Samuel Halevi, like other court Jews before him, thought he had enough time to care for his community, but when he died, it was culturally weakened:

  • Thanks [3] to the wisdom of his counsels, to the skill of his financial administration and to the zeal he displayed for the cause of Mary of Padilla, Samuel grew more and more in the favor of Don Pedro. His influence was considerable, his wealth immense, and he had at his service eighty black slaves. But he seems to have been able to do anything for the cause of Judaism and the future of his coreligionists. An inscription says, it is true, that he worked for the good of his brothers, but he did not understand what this well-being should consist of. While protecting the Jews against malevolence, by calling them to public office and providing them with the opportunity to get rich, he did not know how to be useful to them, like Hasdai ibn Schaprout and Samuel ibn Nagrela. He does not appear to be interested in science or poetry either. For if he had synagogues built in several cities of Castile, he did not found a single school for teaching the Talmud.
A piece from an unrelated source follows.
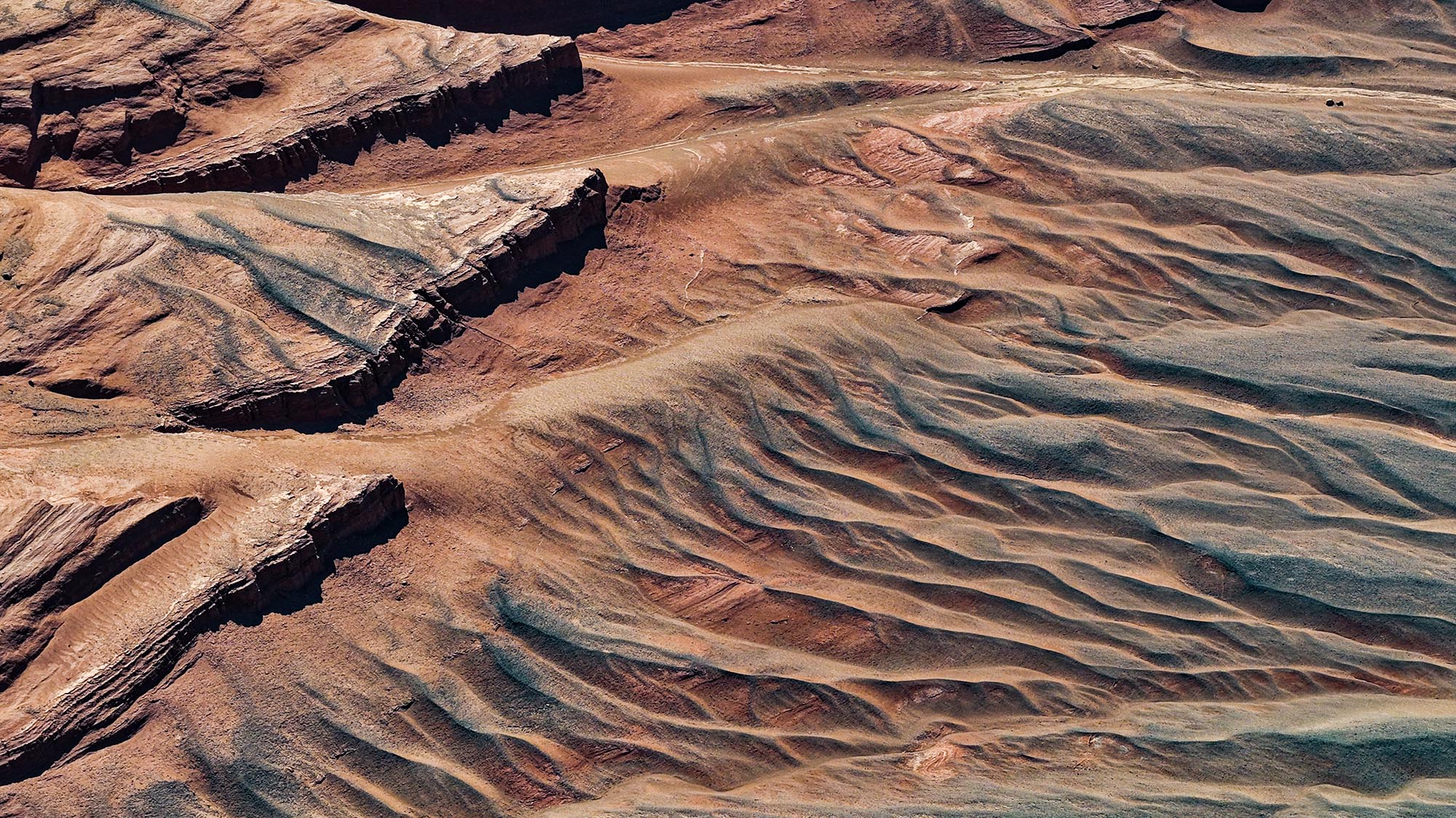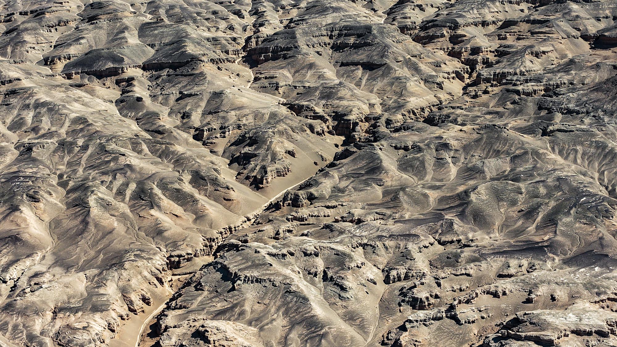 空中俯瞰托克逊雅丹地貌群,逾两千座土丘以奇崛峥嵘之势拔地而起,其鬼斧神工的形态浸染着强烈的魔幻色彩,宛若戈壁宫殿群,迸发出摄人心魄的视觉冲击。

Thus the end of the Psalm draws this conclusion that the survival of Jews in exile can not be reduced to the success of some elites (« the great« ) and passes through the development of all (including « the small« ). Because the elites, contrary to God, are not eternal and if they disappear (« Neither will the dead praise God« ), they naturally become powerless to serve the cause of their people. It is in its entirety that the Jewish people mark their fidelity to their God:

  1. He will bless those who fear the Lord, the small together with the great.
  2. May the Lord add upon you, upon you and upon your children.
  3. Blessed are you to the Lord, the Maker of heaven and earth.
  4. The heavens are heavens of the Lord, but the earth He gave to the children of men.
  5. Neither will the dead praise God, nor all those who descend to the grave.
  6. But we shall bless God from now until everlasting, Hallelujah!

This gap may be the cause of the impending disaster in the Iberian Peninsula, indeed many conversions of Jews take place especially among the elites and the next earthquake. Contrary to what has happened in the rest of Europe, Jews will convert to Christianity without the possibility of returning to their ancestral faith.

[1]  Devarim – Deuteronomy – Chapter 4, verses 25 to 30.

[2] Riccardo Calimani: « The Jewish wandering ». Chapter: « Discrimination, Persecution and Survival ». (French: « L’errance juive ». Chapitre : « La discrimination, la persécution et la survie ». (p. 200-201) ).

[3] Henri Graetz: « HISTORY OF THE JEWS / THIRD PERIOD – DISPERSION ». Second time – Science and Jewish poetry in their prime. Chapter XI – The Black Death Massacres of the Jews – (1325-1391). (French: « HISTOIRE DES JUIFS / TROISIÈME PÉRIODE — LA DISPERSION ». Deuxième époque — La science et la poésie juive à leur apogée. Chapitre XI — La peste noire. Massacres des Juifs — (1325-1391) ).